PROBLEM REQUIREMENTS: Every record below is to be restated word for word, and no picture is to be copied.

*** Begin section ***

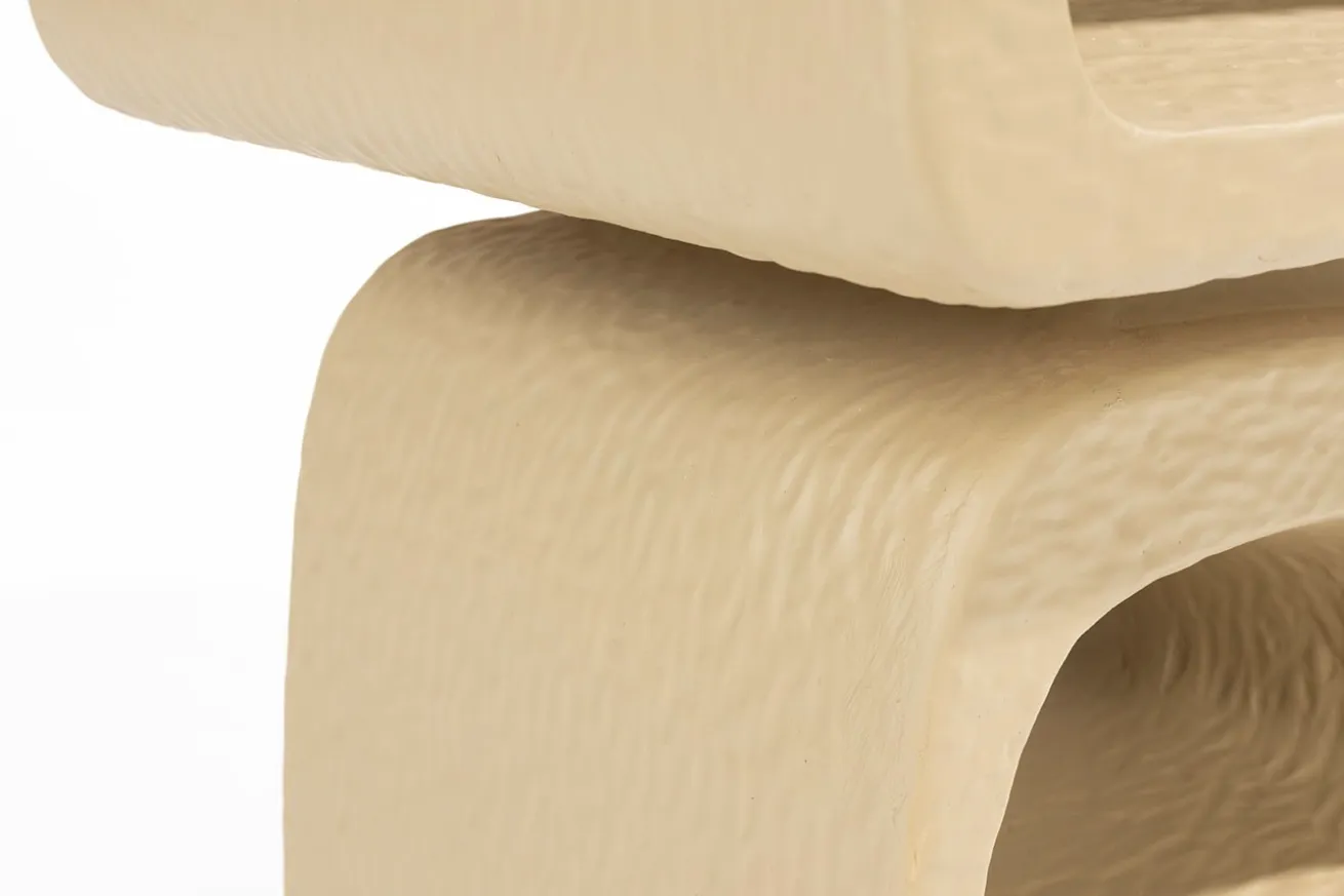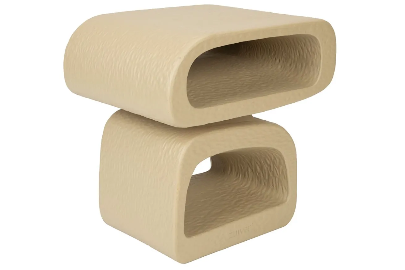 Dieser Tisch besteht aus Harz und ist in einem erdigen Beigeton gehalten. Ein echter Hingucker sowohl drinnen als auch draußen – aber Achtung: Eddy mag keinen Regen. Also bring ihn nach einem gemütlichen Abend im Freien wieder ins Haus.
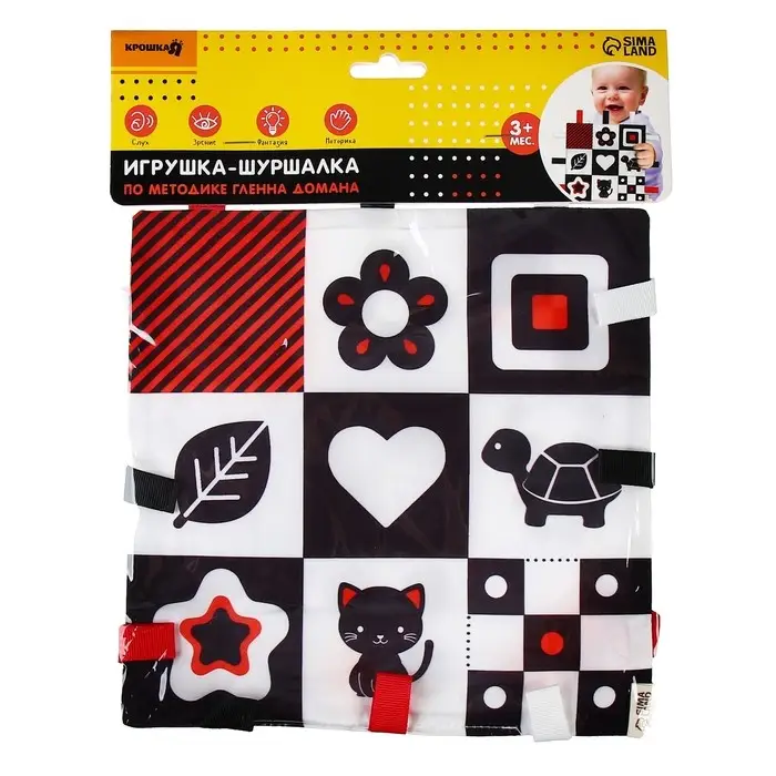 Петельки. Платочек - шуршалка по методике Г. Домана «Мои первые цвета», 20х20см, Крошка Я
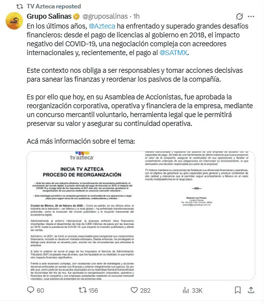 Este 26 de febrero, TV Azteca, la empresa propiedad de Ricardo Salinas Pliego, anunció que iniciará un proceso legal conocido como «concurso mercantil voluntario». Aunque el término puede sonar alarmante, en realidad se trata de una herramienta que le permitirá reorganizar sus finanzas y deudas bajo la supervisión de un juez.
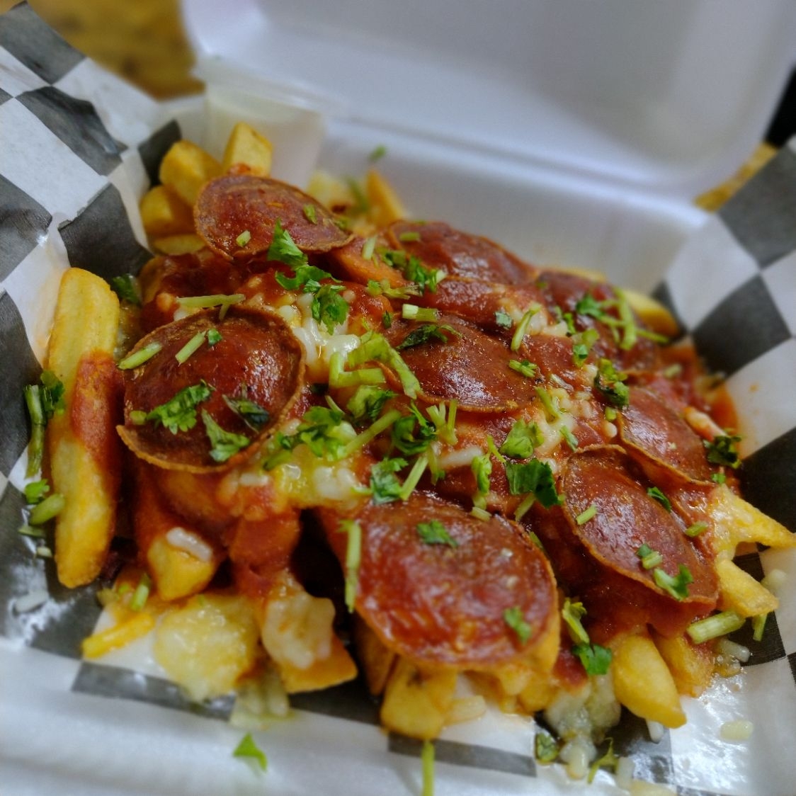 Papas a la francesa con una combinación de queso asadero y mozzarella, un toque de cilantro acompañadas de aderezo ranch. Salsa para pizza y pepperoni.
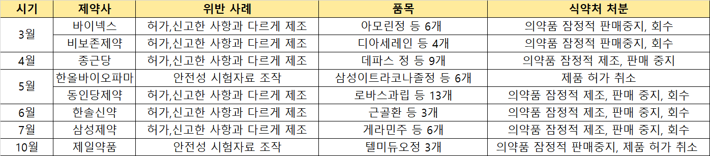 [µ¥Àϸ®¸Þµð ½ÅÁöÈ£ ±âÀÚ] ¶Ç ´Ù½Ã ÀǾàǰ ǰÁú°ü¸® ¹®Á¦°¡ ¹ß»ý, ¿ÃÇØ ǰÁú °ü¸® À§¹ÝÀ¸·Î Àû¹ßµÈ Á¦¾à»ç´Â ÃÑ 8°³ ¾÷ü·Î ´Ã¾î³µ´Ù.
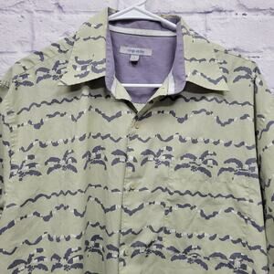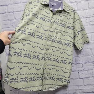 Oleg Cassini Abstract Tropical Button Shirt Size L Linen Blend Short Sleeve Camp
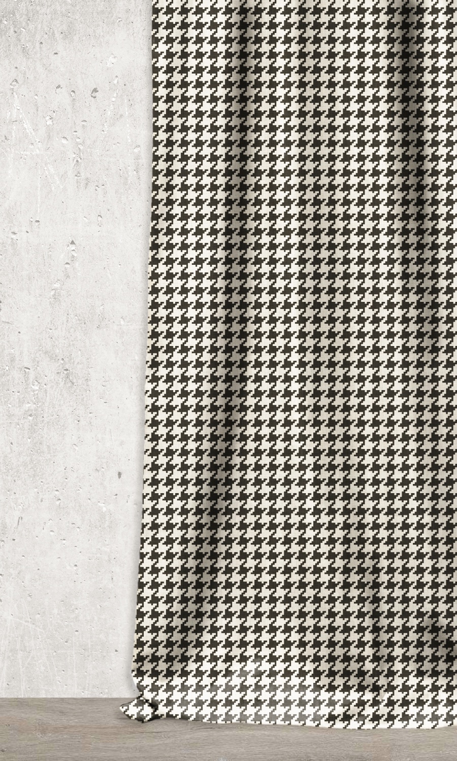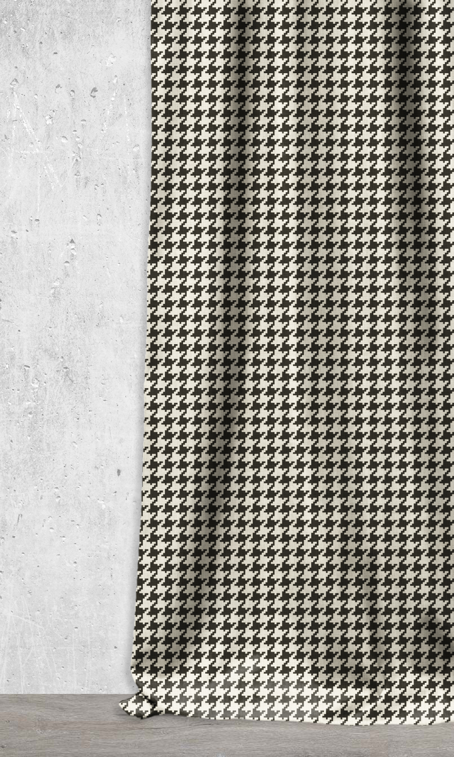 ‘Houndstooth Jamboree’ Geo-Print Custom Curtains (Black/ Ivory)

*** End section ***

ANSWER SPACE:
 Dieser Tisch besteht aus Harz und ist in einem erdigen Beigeton gehalten. Ein echter Hingucker sowohl drinnen als auch draußen – aber Achtung: Eddy mag keinen Regen. Also bring ihn nach einem gemütlichen Abend im Freien wieder ins Haus.
 Петельки. Платочек - шуршалка по методике Г. Домана «Мои первые цвета», 20х20см, Крошка Я
 Este 26 de febrero, TV Azteca, la empresa propiedad de Ricardo Salinas Pliego, anunció que iniciará un proceso legal conocido como «concurso mercantil voluntario». Aunque el término puede sonar alarmante, en realidad se trata de una herramienta que le permitirá reorganizar sus finanzas y deudas bajo la supervisión de un juez.
 Papas a la francesa con una combinación de queso asadero y mozzarella, un toque de cilantro acompañadas de aderezo ranch. Salsa para pizza y pepperoni.
 [µ¥Àϸ®¸Þµð ½ÅÁöÈ£ ±âÀÚ] ¶Ç ´Ù½Ã ÀǾàǰ ǰÁú°ü¸® ¹®Á¦°¡ ¹ß»ý, ¿ÃÇØ ǰÁú °ü¸® À§¹ÝÀ¸·Î Àû¹ßµÈ Á¦¾à»ç´Â ÃÑ 8°³ ¾÷ü·Î ´Ã¾î³µ´Ù.
 Oleg Cassini Abstract Tropical Button Shirt Size L Linen Blend Short Sleeve Camp
 ‘Houndstooth Jamboree’ Geo-Print Custom Curtains (Black/ Ivory)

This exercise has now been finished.